Police shut down month-long forest blockade

A BLOCKADE set up by local environmentalists to prevent the logging of Gladstone State Forest has been dismantled.
A BLOCKADE set up by local environmentalists to prevent the logging of Gladstone State Forest has been dismantled. Contributed

A MONTH-LONG blockade at Gladstone State Forest near Bellingen has been dismantled after multiple police wagons arrived on the scene Tuesday morning.

The blockade, located at the Sunny Corner road access, had prevented large logging machinery gaining access to the forest for almost five weeks.

Forestry Corporation of NSW commenced a logging operation on the site on February 12.

NSW Greens MP Dawn Walker criticised Forestry Corporation of NSW's decision to bring in police in State Parliament yesterday.

"This was a peaceful community response to an outdated and destructive Government approach to managing our precious forests" said Dawn Walker MP.

"The fact that vital koala habitat can be lawfully logged in this day and age is as stupid as it is outrageous.

"I congratulate the community for taking a stand to try and stop logging operations as the Government is clearly beholden to big logging interests.

"The Greens will be doing everything we can to make the need for Great Koala National Park an issue in the upcoming state election to be held in March next year" said Dawn Walker MP.

Forestry Corporation of NSW has defended the logging operation, saying 60% of the area has been set aside for conservation purposes.

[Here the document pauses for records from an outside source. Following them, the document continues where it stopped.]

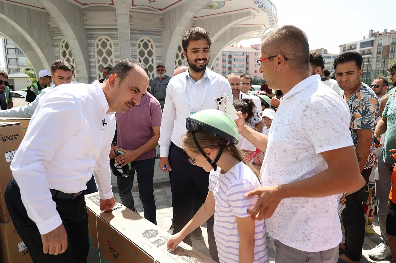 Konya Büyükşehir Belediye Başkanı Uğur İbrahim Altay, “Güle Oynaya Camiye Gel” projesi çerçevesinde yaz tatilinde bisiklet almaya hak kazanan çocuklara bisikletlerini hediye etti.
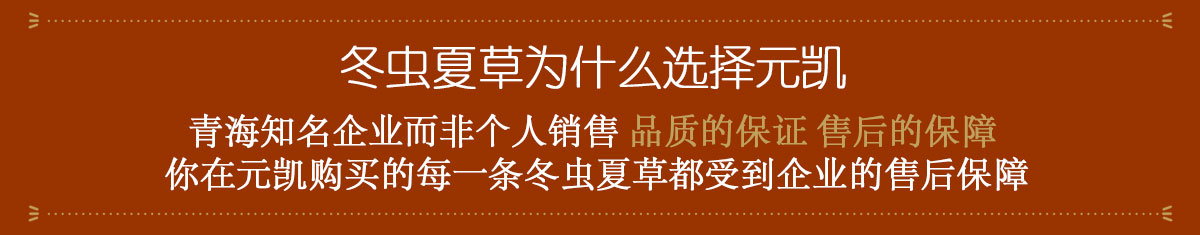 公司專業(yè)致力于青藏高原野生冬蟲夏草銷售、采收、精選包裝和現(xiàn)代化生產(chǎn)、研發(fā)等,并且在青海玉樹西藏那曲設(shè)立了采購站,專門采購地道的野生冬蟲夏草,充分保證了產(chǎn)品的品質(zhì)。元?jiǎng)P長期向國內(nèi)眾多著名藥材經(jīng)銷商、港澳臺(tái)以及東南亞中藥材采購商供應(yīng)冬蟲夏草,多次被省、市、縣授予多種榮譽(yù)稱號(hào)“青海省知名商標(biāo)”、“青海省誠信單位”、“青海省名優(yōu)企業(yè)”、“守合同重信用企業(yè)”等。
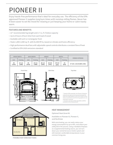 FEATURES AND BENEFITS• 22\• Up to 8 hours of burn time from each load of wood• Available with arch or rectangular front• Heats 1,000-2,600 sq. ft. with 81,000 BTUs, based on climate and home efficiency • High performance dual fans with adjustable speed controls distribute a constant flow of heat• Certified to EPA 2020 emissions standard PIONEER IIEnjoy hassle-free performance that’s ideal for everyday use. The efficiency of the EPAapproved Pioneer II supplies long burn times with nonstop rolling flames. Never has it been easier to set the mood for relaxing or just keeping your home or cabin toasty warm. PIONEER IIFront View Side View Top ViewFRONT WIDTH BACK WIDTH HEIGHT DEPTHFIREBOX OPENINGUnit Framing Unit Framing Unit Framing Unit Framing40[1016]42-1/2 [1080]40[1016]42-1/2 [1080] 40-1/2[1029]56-3/4[1441]23-1/2[597]24[610] 27-3/8 x 16-3/4 [695 x 425]12-3/4\[324]23-1/2\[597]1/2\5-7/8\[149]31-1/8\40-1/2\[1029]16\56-1/2\[1435]12\16-3/4\27-3/8\37\40\1\[25]1\[25]42\9-3/4\7-3/8\1\[25]12-3/4\[324]23-1/2\[597]1/2\5-7/8\[149]31-1/8\40-1/2\[1029]16\56-1/2\[1435]12\16-3/4\27-3/8\37\40\1\[25]1\[25]42\9-3/4\7-3/8\1\[25]12-3/4\[324]23-1/2\[597]1/2\5-7/8\[149]31-1/8\40-1/2\[1029]16\56-1/2\[1435]12\16-3/4\27-3/8\37\40\1\[25]1\[25]42\9-3/4\7-3/8\1\[25]POSSIBLE HEAT ZONE DUCT RUNSPossible Heat Zone Duct RunsCeiling RegisterWall RegisterFloor RegisterTwo Duct KitsCeiling Register12\from register to ceilingHEAT MANAGEMENTOptional Heat Zone KitAvailable on Pioneer III, Pioneer II,and NorthstarWith zone heating, you can easily reduce your energy consumption by up to 40%, and reduce your utility bill in the process. Using a Heat&Glo fireplace as a supplemental heating source, you can turn down your central furnace or boiler system and still maintain comfortable temperatures in your common living area. SEE IT BURN Pioneer II with rectangular front and Cove Grey shelfPioneer II with arched front* Tested to EPA standards, the Pioneer II fireplace meets the strictest environmental standards for wood-burning fireplaces and can be used in areas where conventional wood-burning appliances are restricted or banned.** If interior of chase will be drywalled, add the thickness to this measurement.
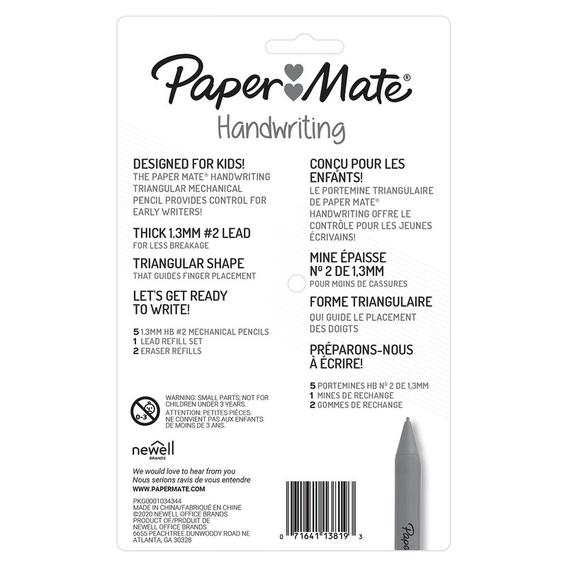 Paper Mate Handwriting Triangular Mechanical Pencil Set with Lead & Eraser Refills, 1.3mm, Fun Barrel Colors, 8 Count

"Police have attended a small protest set-up on a public road outside of Gladstone State Forest impeding trucks hauling timber from leaving the forest to deliver logs to local mills," the spokesperson said.

"The operation to selectively harvest trees has been thoroughly planned by experienced and qualified staff. As a result, 60 per cent of the area is set aside for conservation purposes, such as wildlife corridors, rainforest protections and to protect soil and water values. We have also identified an area to be set aside as a koala high use area based on historic and recent records.

"After timber harvesting, the forest will be regenerated to provide a renewable timber resource for future generations as well as ongoing habitat for koalas, which thrive in forests with young healthy regrowth trees. The fact that our production forests continue to support robust koala populations demonstrates the measures we have in place are providing protection for this important native species."

Local environmentalists have announced they will now move onto the next stage of their campaign to end logging of the forests surrounding the headwaters of the Kalang River, and to establish the Great Koala National Park.

"We have an ongoing range of actions planned starting with a protest next Wednesday on International day of Forests and a film premiere at Kalang on the following Saturday evening. More direct actions are also planned," Bellingen Environment Centre's Ashley Love said.